Monday, September 10, 2007

Weight gain


Friday, February 2nd, 2007

Status Check:
6 weeks 0 days pregnant
148 lbs.

I gained 52 pounds when I was pregnant with Joey. Before you all balk at my lack of self-control, I want to qualify this 52 pound weight gain with the fact that I threw up daily for the entire nine months of my pregnancy and don’t remember eating anything the entire pregnancy. I don’t get it. I still can’t fathom how a few saltine crackers and several pounds of IV fluid equated to 52 lbs. But it did. I was horrified when I went into delivery and tipped the scales at 199 lbs.

My only consolation was that my husband still weighed a few (not many) pounds more than I did. Still, I was upset enough about my weight gain that I kept this nasty little secret to myself for months afterwards. I even lied to my mom and my sister, telling them that I only gained 35 lbs., knowing that neither would dare to comment on the fact that it sure looked like more than 35 measly pounds. In fact, the truth about my incredible weight gain just surfaced a few weeks ago when I finally had the courage to admit that I gained nearly double the recommended weight gain. Even worse, if you count the fact that I lost 15 lbs. in my first trimester, I gained a grand total of 67 pounds. I’m still appalled.
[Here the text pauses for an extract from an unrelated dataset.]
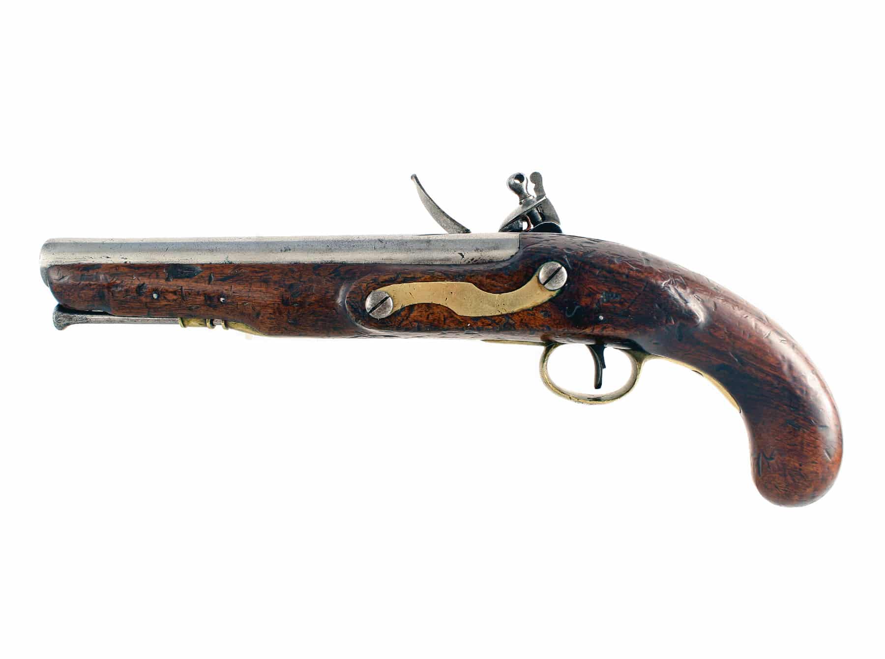 A Pattern 1796 Heavy Dragoon Pistol, Marked to 4th Dragoon Guards. With round barrel marked with Tower proofs, rounded lock plate with double border line engraving with crown over GR in the centre, full-stocked in walnut with brass furniture comprising side-plate, butt cap, trigger guard and ramrod pipes, steel ramrod. Trigger guard engraved ‘4=D=G DS’ ‘I/25’.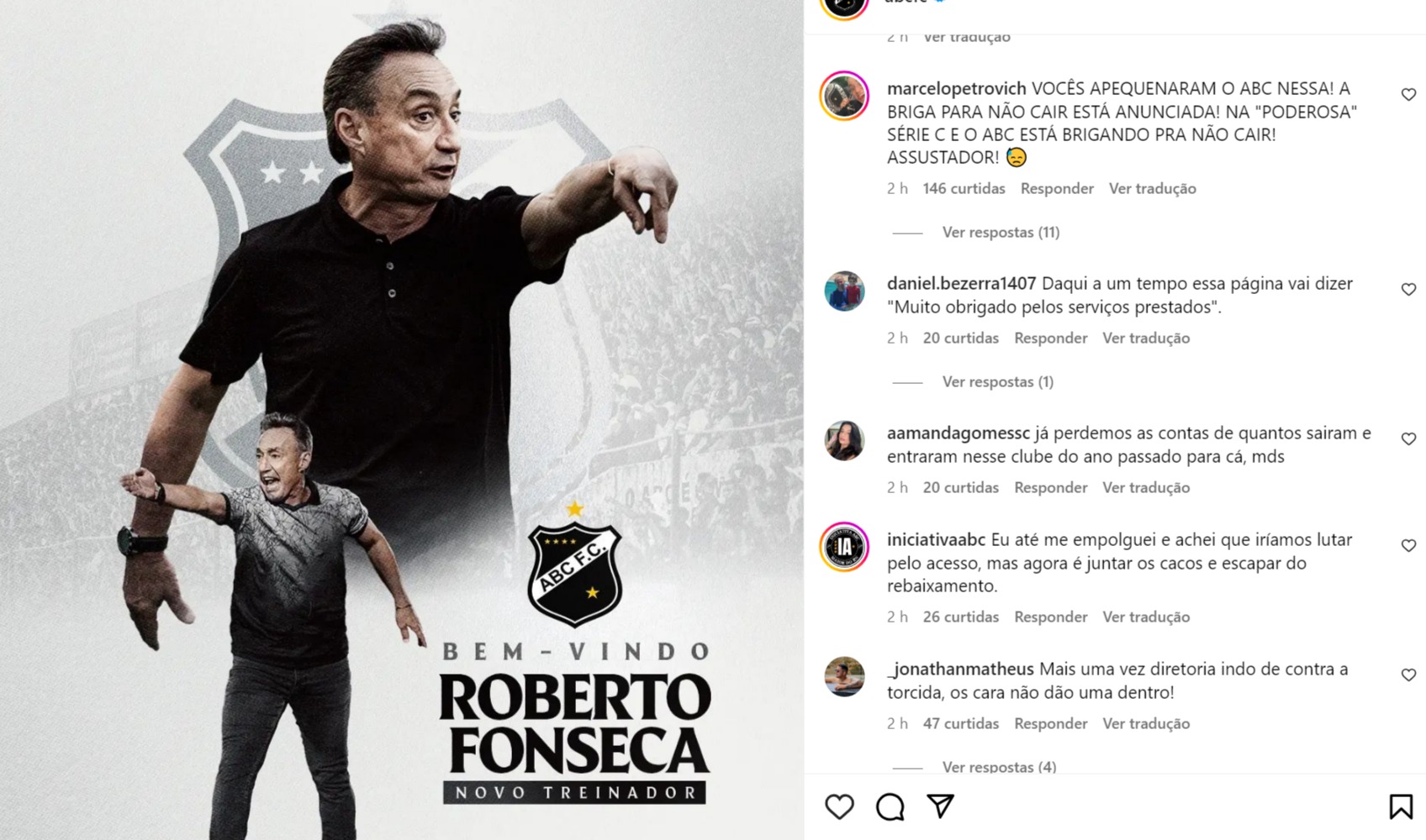 Contudo, nem todos os seguidores que comentaram a postagem, reclamaram da contratação de Roberto Fonseca. Alguns também criticaram a diretoria do ABC, afirmando que o projeto "Série D 2025" estava vivo; e cobrando também mais contratações de jogadores.

I have all sorts of excuses for my weight gain. Part of me knows (just knows) that this was all water retention. My son must have been swimming (literally swimming) in that amniotic fluid. Additionally, I think there is a chance that the hospital (and doctor’s office) scales are a bit off. I mean, really, they get a lot of use and they’re sure to break down eventually. But, the reality of it is that I just gained a lot of weight. I honestly don’t think there is much I could’ve done to avoid it and to my defense, I did lose it all fairly quickly. I lost 36 lbs. before I left the hospital (which goes to show that my water-retention theory isn’t completely off-base) and lost the rest within months.
The reason that I’m sharing my dirty-little secret with the world is twofold. First, I want all of you pregnant mothers who want to cry every time you get weighed at the doctor’s office to rest assured that you’re not the only one. You’re definitely not the only one who has gained too much weight and you’re definitely not the only one who can’t figure out where those pounds have come from. Second, for those of you pregnant woman who have gained a measly thirty or thirty-five pounds, I’d love to hear your secrets. I’m sure you’re reading this and laughing at all of the poor souls who couldn’t help but gain seven pounds every time they ate a grape, so the least you can do is share your secrets. I’m still puzzled by how you have done it.

So, this time, I’m going to try to be honest about my weight gain. I admit that I’ll probably be tempted to fudge my weight gain a little, but eventually I’ll come clean. So, when you see my weight gain ballooning, rest assured that I’m just letting nature take it’s course this time. I’m sure I’ll gain an exorbitant amount of weight again. I’m sure that I’ll cry and hem and haw about the injustice of it. But, I’m also sure that I’m not the only one struggling and that one day, not too far off, I’ll be wearing my size 6 jeans again. Let’s hope so at least.